Экзистенциализм стоит на положении, что существование предшествует сущности. «Человек потому не поддаётся определению, что первоначально ничего собой не представляет. Человеком он становится лишь впоследствии, причём таким человеком, каким он сделает себя сам»[34], каким он выберет быть.

Однако когда мы говорим, что человек делает себя, мы не говорим, что он делает только свою индивидуальность. Он также создаёт образ идеального человека, к которому должны стремиться все. Именно в этом и состоит глубокий смысл экзистенциализма. «Выбирая себя, мы выбираем всех людей»[35]. Ведь выбрать что-то – значит утверждать ценность того, что мы выбираем. В некотором смысле, мы всегда выбираем благо. (Однако не стоит тут торопиться; мы всегда выбираем благо – положение согласно афинской школе (от Сократа до Аристотеля), но уже христианство изменило этот подход. с другой стороны, это действительно отдельная проблема: «способны ли мы вообще выбирать что-то кроме блага?»).
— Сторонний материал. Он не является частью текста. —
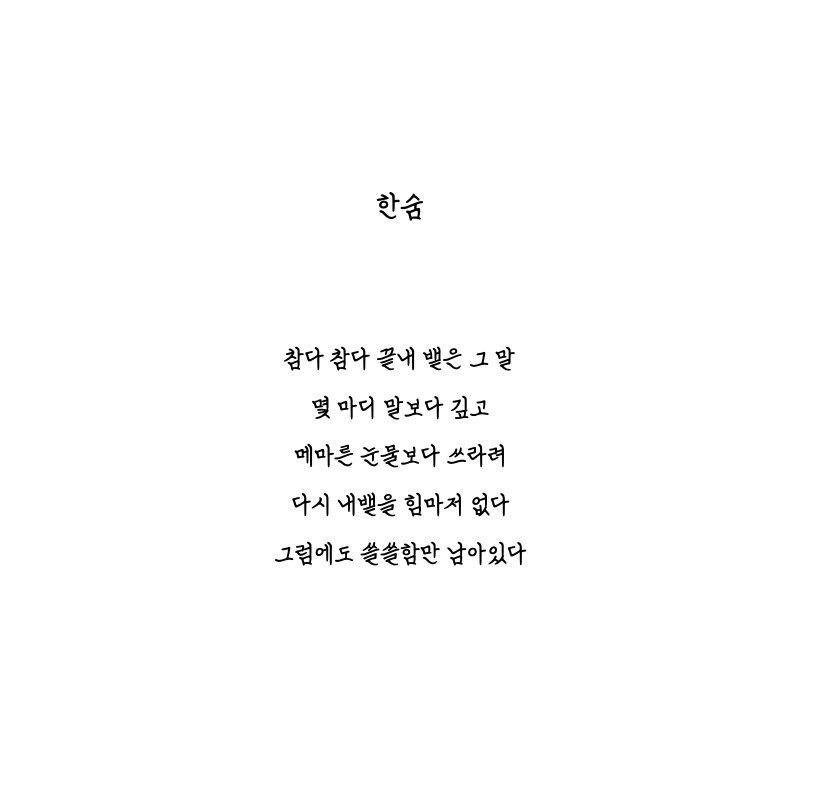 여러분은 알고 계신가요, 누군가와 함께 있을 때와 혼자 있을 때 내쉬는 한숨이 다르다는 것을요. 아무래도 곁에 누가 있다면 깊은 한숨을 맘 편히 내쉴 수는 없겠지요. 그러면 한숨이 다 같은 한숨이지 깊은 한숨은 뭘까요. 가끔 주변 사람들을 관찰해 보면 습관적으로 한숨을 내뱉는 사람을 발견할 때가 있어요. 생각보다 한숨 소리는 주변에서 잘 들리는 거 같아요. 그만큼 세상 살기가 어렵다는 얘기겠죠. 여러분은 반복되고 지겨운 출근길과 정신없이 시달리고 난 퇴근길 중 언제의 한숨이 더 깊으신가요?

В связи с Аристотелем мы понимали благо двояко: как благо безотносительное и как кажущееся благом; это же понимание мы сохраняем и здесь, с той лишь разницей, что благо само по себе нам, видимо, недоступно, а потому мы выбираем всегда именно кажущееся нам благом. И именно поэтому, утверждая кажущееся нам благом универсальной ценностью, мы выбираем за всех, а не только за себя.

Ввиду этих же положений, у человека отбирается возможность оправданий. Поскольку понимается, что существование предшествует сущности, и мы делаем себя, то нельзя более оправдываться ни на предзаданную человеческую сущность, ни на то, что «другие тоже так делают». Как мы уже говорили ранее, в отличие от всей предшествующей традиции, экзистенциализм отказывается от представления о человеке как чём-то законченном, имеющим заранее данную человеческую природу, которую затем постигает. Для экзистенциализма, человек есть всегда «ещё не», всегда лишённость, неопределённость, которая лишь постепенно определяется путём своего существования.

Если есть Бог, задающий нравственный закон, то всё просто – остаётся только следовать ему и на выходе получить пропуск в Рай. Однако из XVIII века мы знаем, что доказать существование (или отсутствие) Бога не представляется возможным, и это меняет дело. Поскольку нельзя с уверенностью сказать, что Бог есть, постольку не получится использовать всё то, что из его существования следует. То есть, нет больше предзаданных ценностей и блага a priori, которые Бог мыслит и в себе несёт. «Мы находимся на равнине, и на этой равнине живут одни только люди»[36].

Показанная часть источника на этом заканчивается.